My first experiment was a simple seafood salad similar to the one at ThunderCloud Subs in Austin, where I worked right after high school in the mid-90's. I probably never would have tried it if I hadn't worked there. It wasn't a favorite, but I would occasionally eat one out of boredom in the back room, probably while a co-worker exhaled weed smoke through a paper towel roll stuffed with dryer sheets into the icebox (No one ever smelled anything, BTW).

Crab sticks are made to resemble whole king crab legs, so to make the texture more like lump crab meat, you have to break it up quite a bit. I used my hands, but you do you. After this, I added mayonnaise. I wanted to see what it tasted like without anything else, and it's not terrible. The texture is a bit spongy and it's a pretty one note flavor, so I knew it needed something, but what? Well, it turns out that the OG crab spice also works as the NG krab spice, that's right, we're talking Old Bay baby! I sprinkled some of the Maryland fairy dust in there and added a bit of lemon juice for brightness and it wasn't bad at all. A promising start, I thought.

Knowing that krab would best be disguised with some other ingredients, it occurred to me that crab cakes would be the perfect treatment.

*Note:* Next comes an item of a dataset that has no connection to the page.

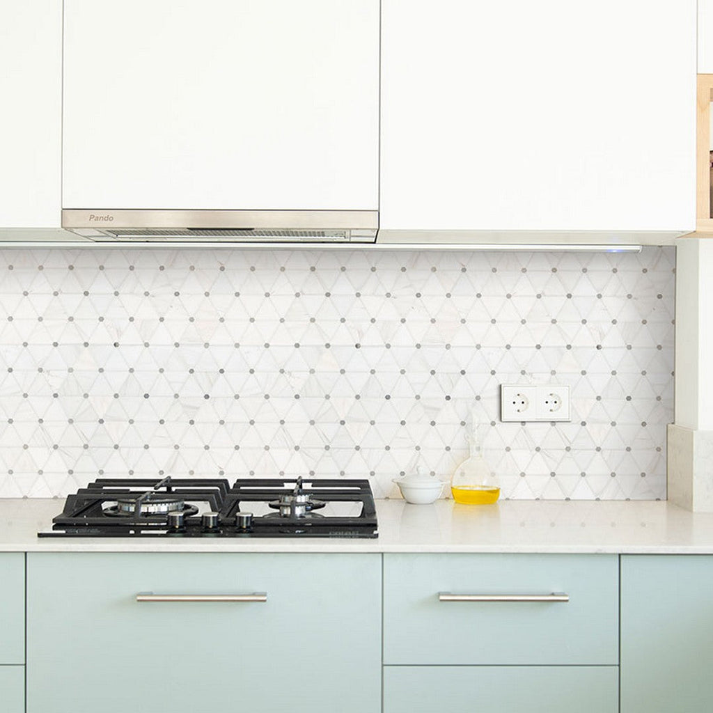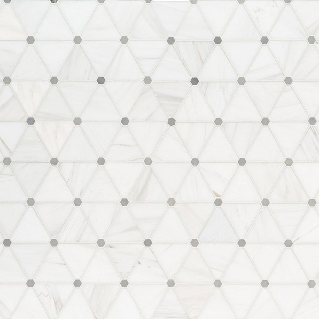 Bianco Dolomite Pinwheel Tile features geometric tiles in timeless marble but with a fun and contemporary pinwheel design. The natural stone in white with gray accents and a pretty polished finish of this backsplash tile is recommended for geometric floor tiles, countertops, shower surrounds, and patterned wall tiles.

I found a recipe that used a healthy amount of Old Bay, made a couple of modifications, and they turned out to be what I would consider a pretty decent weeknight meal. Of course, they don't taste as good as the real thing, but they're definitely better than the dense pucks of canned salmon and breadcrumbs that we would eat growing up, and I used to like those pretty well when I was a kid, granted I would eat almost anything except pickled beets.

Krab Kakes


  • 1 pound imitation crab aka. crab fish sausage
  • 1/2 cup panko breadcrumbs
  • 1 large egg, beaten
  • 1 Tbsp Old Bay Seasoning™
  • 2 Tbsp mayonnaise
  • 1 tsp Dijon mustard
  • 1 tsp Worcestershire sauce
  • 2 Tbsp neutral cooking oil, like canola


  1. Put the imitation crab into a large mixing bowl and break apart with your hands, a potato masher, tongs, etc. until it's the consistency of real lump crabmeat (pieces about 1/2 to 1 inch)
  2. Add the remaining ingredients and fold with a spatula, just until everything is evenly distributed.
  3. Form into 6 uniform patties.
  4. Place the patties in the fridge for at least 30 minutes.
  5. When you're ready to cook, put the oil into a cast iron or preferably other heavy bottomed pan on medium heat. Wait until the oil starts to shimmer so you know it's hot enough.
  6. Cook the patties for about 4 minutes on each side, or until they get a nice golden brown crust.
  7. Serve with remoulade, tartar sauce, or whatever you think would taste good. These would make a great sandwich, and they're so inexpensive that you don't feel guilty treating them that way.